Below are records; please write out exactly the lines from the first line through the line containing "شكل (1) الهيئة الخارجية لفرن الميكرويف الذكي", with no pictures.

+ + + +

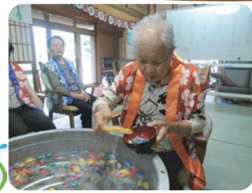
カラフル醤油入れを金魚に見立て、「すくうぞー！」

夏といえば…いろいろありますが、和ごころの夏はこの「和涼会」です。今年もみんな法被を羽織って、和ごころ風にアレンジした夏ならではの遊びを楽しみました。童心に返って、みんなでワイワイ♪昔ながらの和の夏を堪能しました。
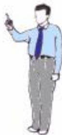
2. Désignation du combattant ( Tchong/Hong )
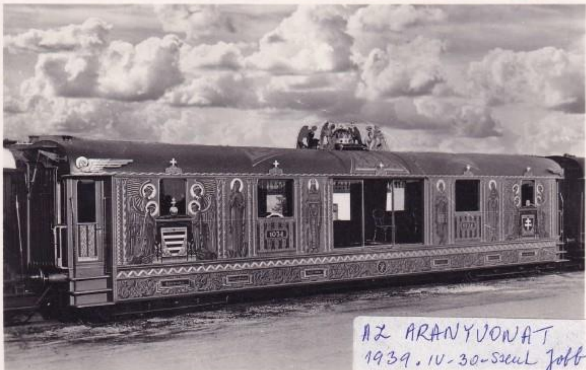
AZ ARANYVONAT 1939. IV-30-szek Jobb
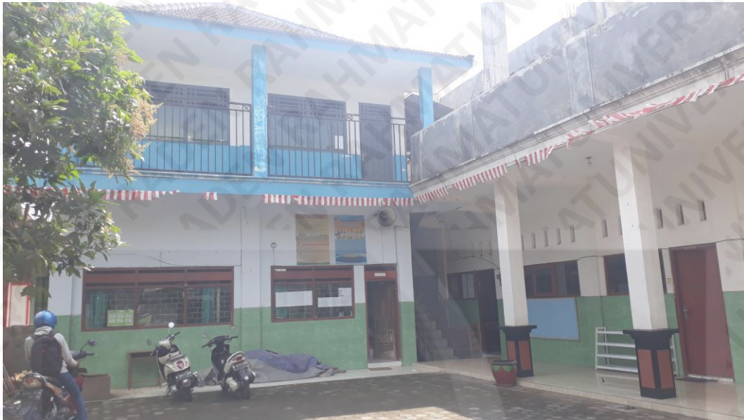
Lokasi penelitian di SMPI Lukman Hakim Pakisaji
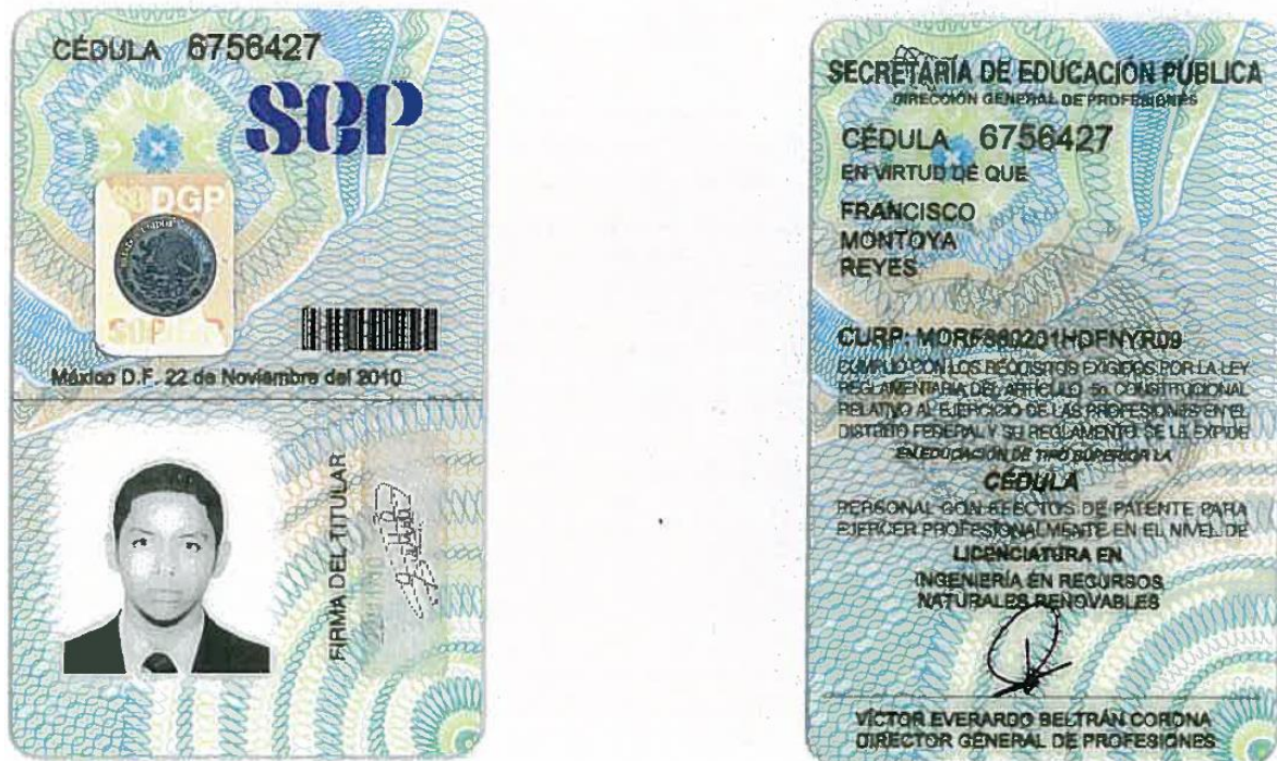
Figura XV—2. Cédula profesional de Licenciatura en ingeniería en recursos naturales renovables del responsable de dirigir la ejecución del cambio de uso de suelo
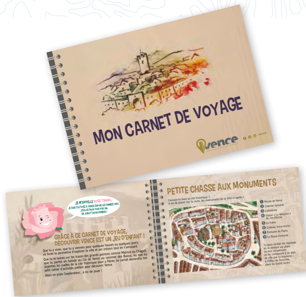
Le carnet de voyage à hauteur d'enfant est disponible gratuitement à l'Office de Tourisme et distribué dans toutes les écoles pour faire découvrir aux plus jeunes leur patrimoine.

La Municipalité, fortement impliquée dans ce domaine, a à cœur de proposer aux enfants des activités enrichissantes et divertissantes dans une démarche éducative choisie.
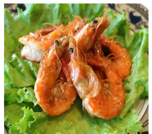
ガーリックシュリンプ 1,000円(税込 1,100円)
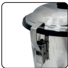
Broche de acero
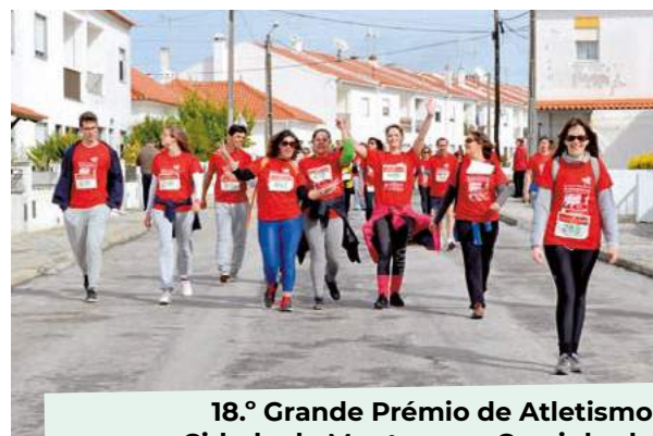
18.º Grande Prémio de Atletismo Cidade de Montemor - Caminhada
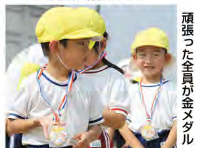
町立保育所の風景
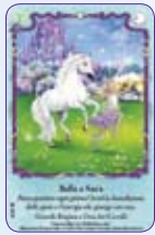
Bella & Sara ○40/55 ◆S40/55
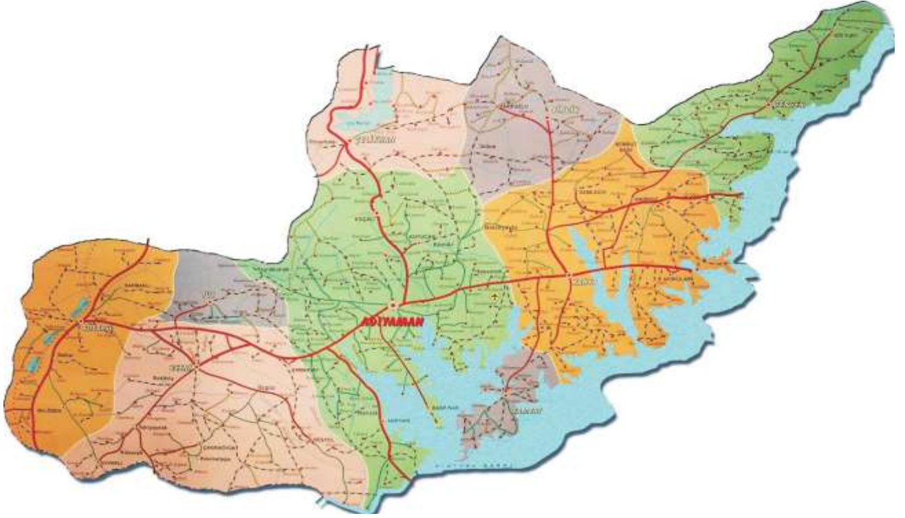
Adiyaman İli Haritası
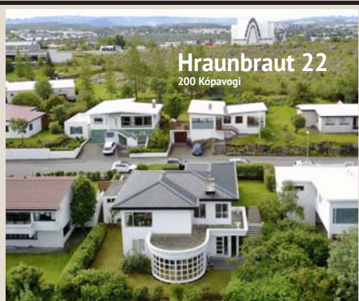
Hraunbraut 22 200 Kópavogi

Hraunbraut 22 í Kópavogi Tveggja íbúða fjölskylduhús 253 fm á tveimur hæðum. Fallegt útsýni til Reykjavíkur
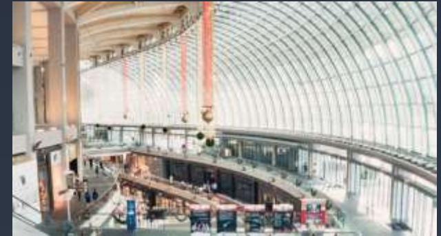
■ NÁKUPNÍ CENTRA A PRODEJNY
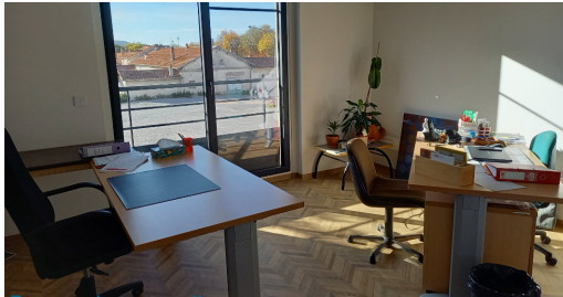
Bureau des travailleurs sociaux
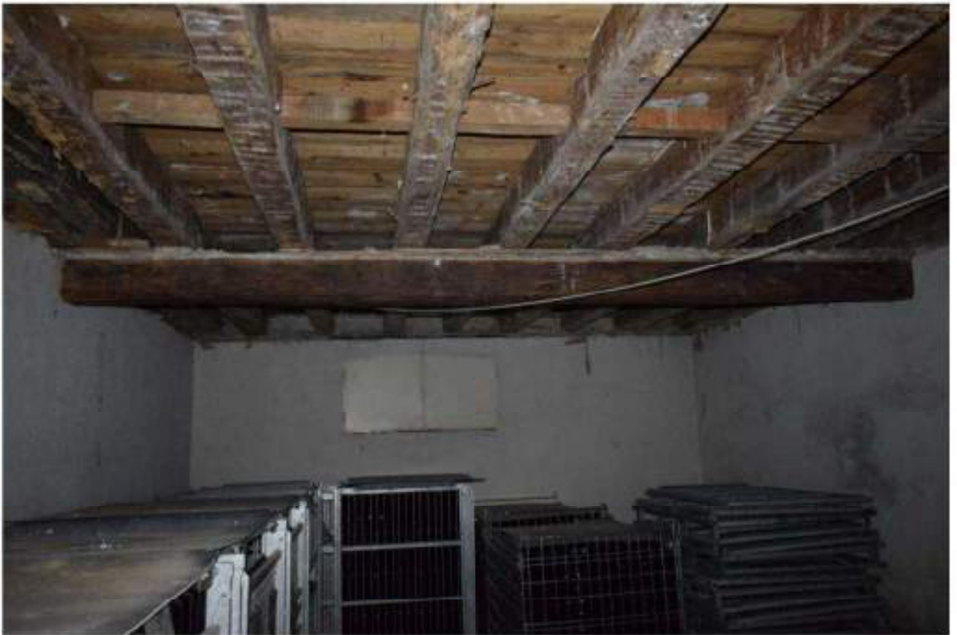
CANTINA - DEPOSITO
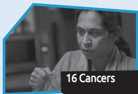
Annance n° 1

à ne pas commencer à fumer ou à arrêter de fumer? Prends quelques notes pendant que tu visionnes les annonces pour t'aider à te les remémorer plus tard au besoin.
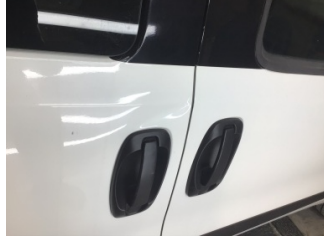
Kapı, sağ arka, Kapı, sağ arka > Ezik
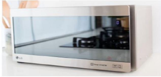
شكل (1) الهيئة الخارجية لفرن الميكرويف الذكي

قام الباحث بإختيار عينة بالطريقة القصدية من مجتمع البحث الأصلي وقد مثلت نسبة المنتجات (10%) من مجتمع البحث الاصلي والبالغ (20) منتجاً، وذلك لإختيار النماذج التي تخدم هدف الدراسة والأقرب الى تحقيقها والبالغ عددها (2) نماذج. انموذج (1) فرن الميكروويف الذكي.
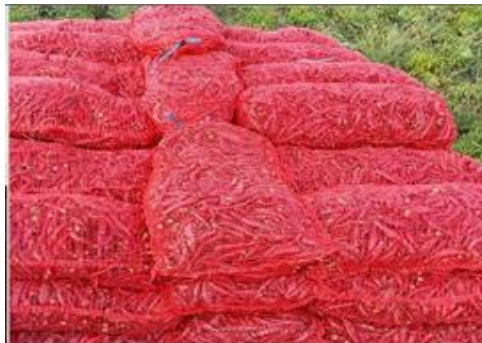
Slika 15. Paprika u mrežastim vrećama

Grane paprike su jako krhke stoga se berba mora obavljati pažljivo kako se ne bi polomile. Nakon što se plod ubere stavlja se u plastične posude. Kada se posuda napuni istrese se u mrežaste vreće (Slika 15.), a vreće se slažu na traktorsku prikolicu (Slika 16.).
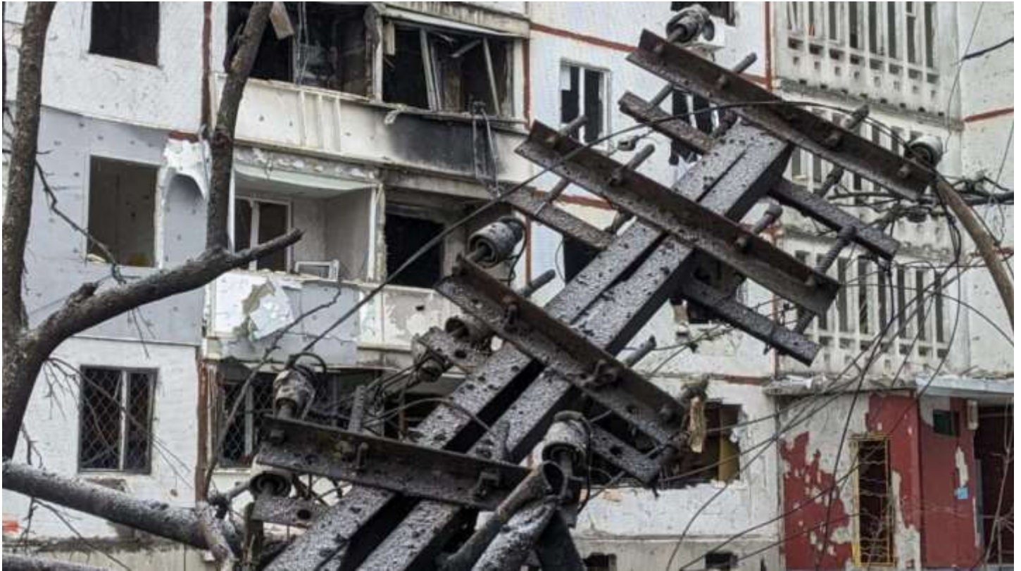
Харків, весна 2024 року

Таку ситуацію ми отримали внаслідок кількох потужних ракетно-дронових атак російських терористів по українських електростанціях з березня по червень цього року. Росіяни потрапляли чітко, відбитися вдавалося далеко не завжди. Відтак, Україна втратила 9 ГВт потужності. Для розуміння скільки це порохували в НЕК Укренерго: такі обсяги еквівалентні споживанню у пікові години влітку Нідерландів або Фінляндії, або разом – Словаччини, Литви, Латвії та Естонії. Немало.
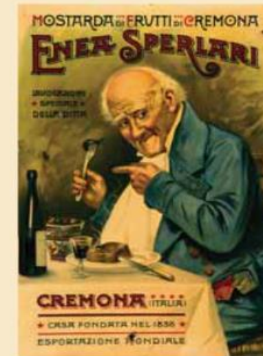
Latta anni Trenta della Enea Sperlari
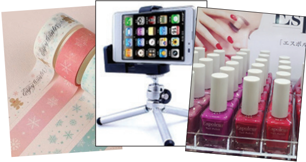
안전성이 보장되지 않았다는 의미이다.

자전거 앞, 뒤 바퀴에 설치하는 페그는 사람의 몸무게와 충격까지 200kg을 견뎌야 하는 부품이다. 가벼움을 위해 알루미늄을 사용하고 무게를 지탱하기 위해 강도가 높아야 하는데 다이소 제품은 알루미늄 소재의 등급이 제대로 표기되지 않았다고 한다.

+ + + +

• [YOUR SOLUTION]
カラフル醤油入れを金魚に見立て、「すくうぞー！」

夏といえば…いろいろありますが、和ごころの夏はこの「和涼会」です。今年もみんな法被を羽織って、和ごころ風にアレンジした夏ならではの遊びを楽しみました。童心に返って、みんなでワイワイ♪昔ながらの和の夏を堪能しました。
2. Désignation du combattant ( Tchong/Hong )
AZ ARANYVONAT 1939. IV-30-szek Jobb
Lokasi penelitian di SMPI Lukman Hakim Pakisaji
Figura XV—2. Cédula profesional de Licenciatura en ingeniería en recursos naturales renovables del responsable de dirigir la ejecución del cambio de uso de suelo
Le carnet de voyage à hauteur d'enfant est disponible gratuitement à l'Office de Tourisme et distribué dans toutes les écoles pour faire découvrir aux plus jeunes leur patrimoine.

La Municipalité, fortement impliquée dans ce domaine, a à cœur de proposer aux enfants des activités enrichissantes et divertissantes dans une démarche éducative choisie.
ガーリックシュリンプ 1,000円(税込 1,100円)
Broche de acero
18.º Grande Prémio de Atletismo Cidade de Montemor - Caminhada
町立保育所の風景
Bella & Sara ○40/55 ◆S40/55
Adiyaman İli Haritası
Hraunbraut 22 200 Kópavogi

Hraunbraut 22 í Kópavogi Tveggja íbúða fjölskylduhús 253 fm á tveimur hæðum. Fallegt útsýni til Reykjavíkur
■ NÁKUPNÍ CENTRA A PRODEJNY
Bureau des travailleurs sociaux
CANTINA - DEPOSITO
Annance n° 1

à ne pas commencer à fumer ou à arrêter de fumer? Prends quelques notes pendant que tu visionnes les annonces pour t'aider à te les remémorer plus tard au besoin.
Kapı, sağ arka, Kapı, sağ arka > Ezik
شكل (1) الهيئة الخارجية لفرن الميكرويف الذكي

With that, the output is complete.